In some instances, wastewater treatment systems and processes are upgraded from time-to-time at wastewater treatment facilities. This can occur in the case of side stream deammonification processes. For example, the side stream system can be upgraded by retrofitting a thermal hydrolysis system to pre-treat the feed to an anaerobic digester. This will introduce inhibitors (organic compounds) that adversely affect the efficiency of an existing MBBR deammonification process. Furthermore, over time the flow and load to an existing MBBR may increase and the existing MBBR system might not be adequate to handle such loads. In these cases, there is a need for a retrofitable deammonification system that can accommodate inhibiting compounds and efficiently treat additional loads directed to the deammonification system and which is amenable to an easy retrofit without significantly increasing the footprint of the deammonification system.

SUMMARY OF THE INVENTION

In one embodiment, the present invention relates to a side stream deammonification process where deammonification is performed by a non-continuous flow integrated fixed film activated sludge sequencing batch reactor (IFAS SBR) without the need of employing an external clarifier.

In another embodiment, the present invention entails a single reactor designed to be an MBBR or an IFAS SBR. Converting the reactor from an MBBR to an IFAS SBR, or vice versa, is simple and easy to implement. With the design of the single tank or reactor, the two operation modes, MBBR and IFAS SBR, are interchangeable depending on the treatment needs.

The single reactor includes a fixed media retaining screen that is designed to discharge treated wastewater when the reactor assumes an MBBR mode, as well as when the reactor assumes an IFAS SBR mode. In other words, the same media retaining screen is employed or used to discharge treated wastewater in either the MBBR mode or the IFAS SBR mode.

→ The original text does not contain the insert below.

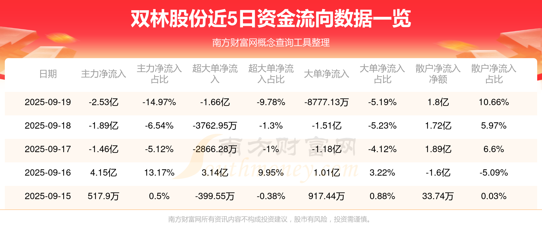 9月19日消息,双林股份主力资金净流出2.53亿元,超大单资金净流出1.66亿元,散户资金净流入1.8亿元。

In one particular embodiment, the present invention entails a wastewater treatment process that includes a side stream deammonification process for removing ammonium from sludge that is removed from a main stream process. The side stream may include pre-treatment via thermal hydrolysis, although that is not essential or required. The side stream includes an anaerobic digester and a downstream IFAS SBR for treating reject water from the anaerobic digester. Through a batch process carried out in the IFAS SBR, wastewater is filled, aerated and reacted in a first phase, which is then followed by a settling phase which in turn is followed by a decanting phase. In this process, the total suspended solids (TSS) emitted by the IFAS SBR is not of great concern because the effluent from the IFAS SBR can be returned to the headworks of the wastewater treatment plant. Therefore, decanting from water surface is not necessary. Solids liquid separation steps (settling and decanting) is required only to retain enough suspended biomass. Therefore, media retention screens can be used to decant the reactor liquid from both clear zone and media zone but NOT from the bottom sludge zone.

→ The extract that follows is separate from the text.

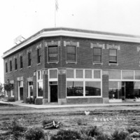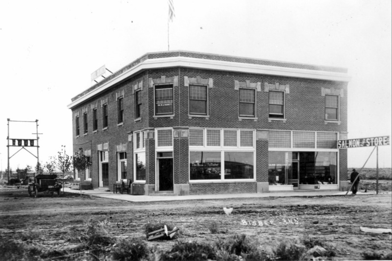 Two-story brick corner building that houses the Hotel Craven, Bank of Hollister, Dr. W. A. Parrett, and the Salmon River Store Co. A man stands beneath a wooden Salmon River Store, Co. sign at right and an auromobile is parked on left.

In one particular embodiment, the present invention entails a deammonification reactor for removing ammonium from wastewater and configured to function as a moving bed biofilm reactor (MBBR) or as an integrated fixed film activated sludge sequencing batch reactor (IFAS SBR), the deammonification reactor comprising:

a single deammonification tank;

an aeration grid disposed in a bottom portion of the tank;

wherein the deammonification tank is configured to contain biofilm carriers having biomass supported thereon;

• • the single tank including a retaining screen or a number of screens for discharging treated wastewater from the deammonification reactor and for retaining the biofilm carriers in the tank and preventing the biofilm carriers from being discharged with treated wastewater from the tank;

wherein the single tank deammonification reactor is configured to operate either in a continuous flow MBBR mode or in a non-continuous IFAS SBR mode;

wherein the retaining screen is configured to discharge treated water when the deammonification reactor assumes an MBBR; and

wherein the retaining screen is fixed relative to the tank and configured as a decanter for decanting treated wastewater from the deammonification reactor when the deammonification reactor assumes an IFAS SBR.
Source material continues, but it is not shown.